:: YOUR OBJECTIVE ::
Please repeat only the lines below starting at the line that holds "Humza Jafri sold" and ending at the line that holds "BMC ビー・エム・シー サージカルマスク", exactly, with both of those lines included and every picture omitted.

:: RECORDED INFORMATION ::
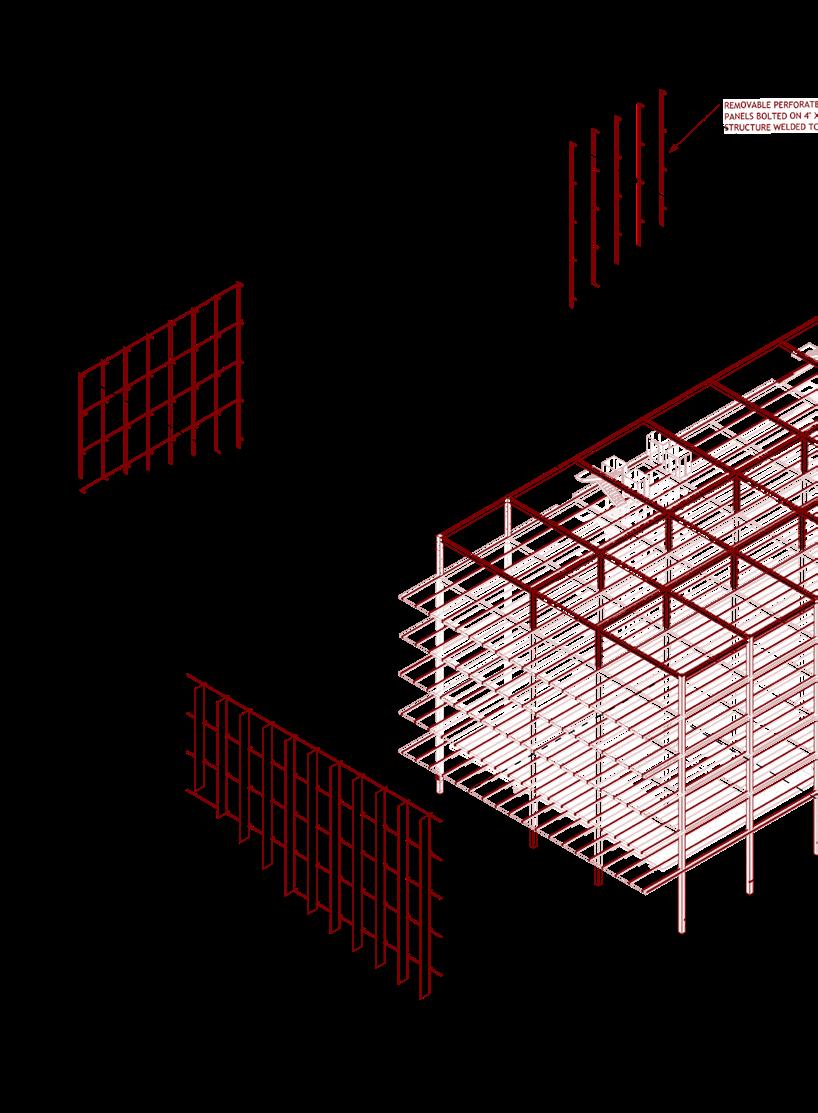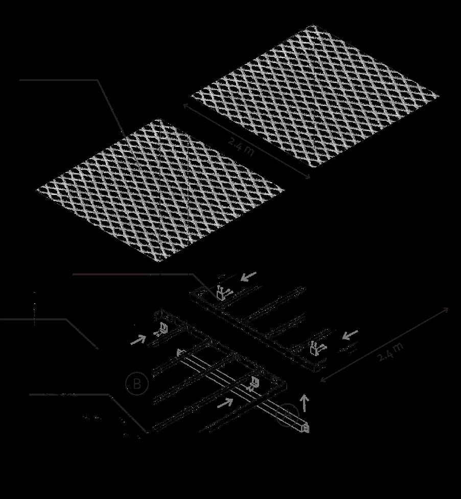 REMOVABLE PERFORATED ALUMINIUM PANELS ON 4” X 4” STEEL STRUCTURE WELDED TO THE FLOOR
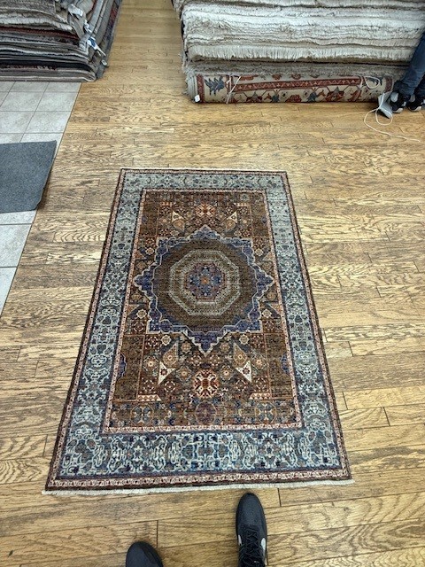Humza Jafri sold this customer a classic 4x6 Mamlouk rug. The rug has an ornate geometric motif and is densely knotted. The rug has a rich coloration including champagne, pomegranate, sand, navy, pomegranate, magenta, fuscia and soft blues around the borders. The rug is 100% hand knotted and was made with vegetable dyes.
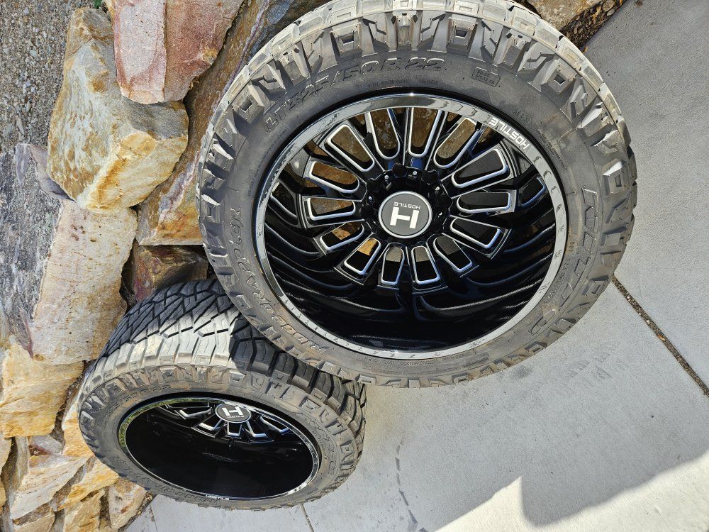 These wheels and tires would look great on your truck. Made for full sized Chev or GMC, 8 lug, check photos for full description ..
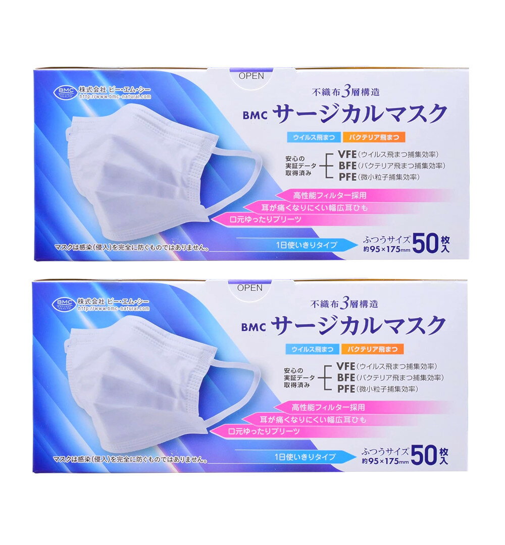 BMC ビー・エム・シー サージカルマスク ふつうサイズ 50枚×2【2個セット】不織布マスク 医療・・・
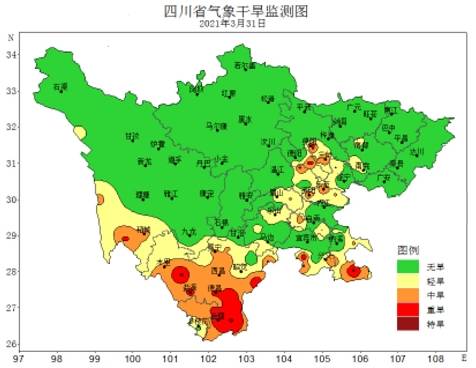 根据气象部门监测,3月四川全省平均气温偏高2.1℃,排历史同期第5高位。截至3月31日,全省有53站(盆地30站)出现干旱,其中重旱13站(盆地6站)、特旱10站(盆地5站)。中度以上旱情主要分布在盆中、盆南、攀西大部和甘孜州南部。
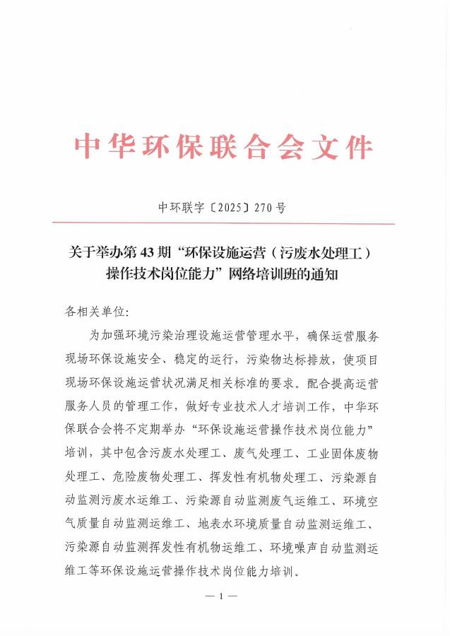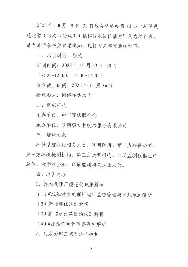 关于举办第43期“环保设施运营(污废水处理工)操作技术岗位能力”网络培训班的通知
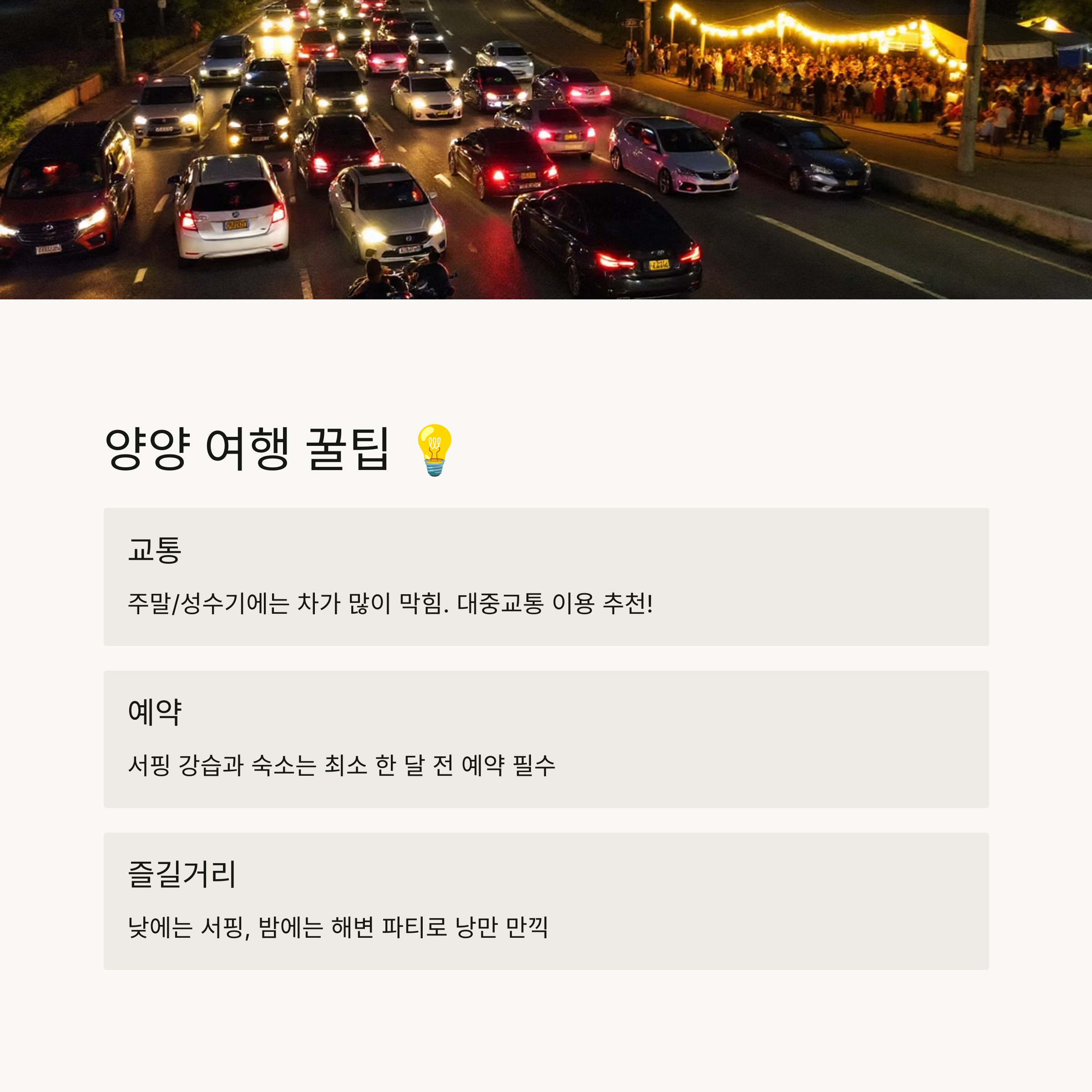 양양은 주말이나 성수기에는 차가 정말 많이 막혀요. 가급적 대중교통을 이용하거나, 시간 여유를 넉넉하게 잡고 출발하시는 걸 추천해요. 서핑 강습과 숙소는 최소 한 달 전에는 예약해야 원하는 곳을 잡을 수 있답니다!
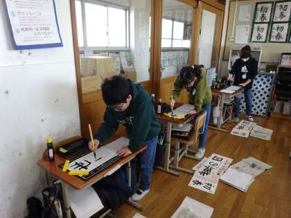 画仙紙に「世界の国」と書きました。普段使っている大きさの半紙とは違ったため、バランスを考えて書くのが難しい様子でしたが、一生懸命取り組んでいました。

:: TASK OUTPUT ::
Humza Jafri sold this customer a classic 4x6 Mamlouk rug. The rug has an ornate geometric motif and is densely knotted. The rug has a rich coloration including champagne, pomegranate, sand, navy, pomegranate, magenta, fuscia and soft blues around the borders. The rug is 100% hand knotted and was made with vegetable dyes.
 These wheels and tires would look great on your truck. Made for full sized Chev or GMC, 8 lug, check photos for full description ..
 BMC ビー・エム・シー サージカルマスク ふつうサイズ 50枚×2【2個セット】不織布マスク 医療・・・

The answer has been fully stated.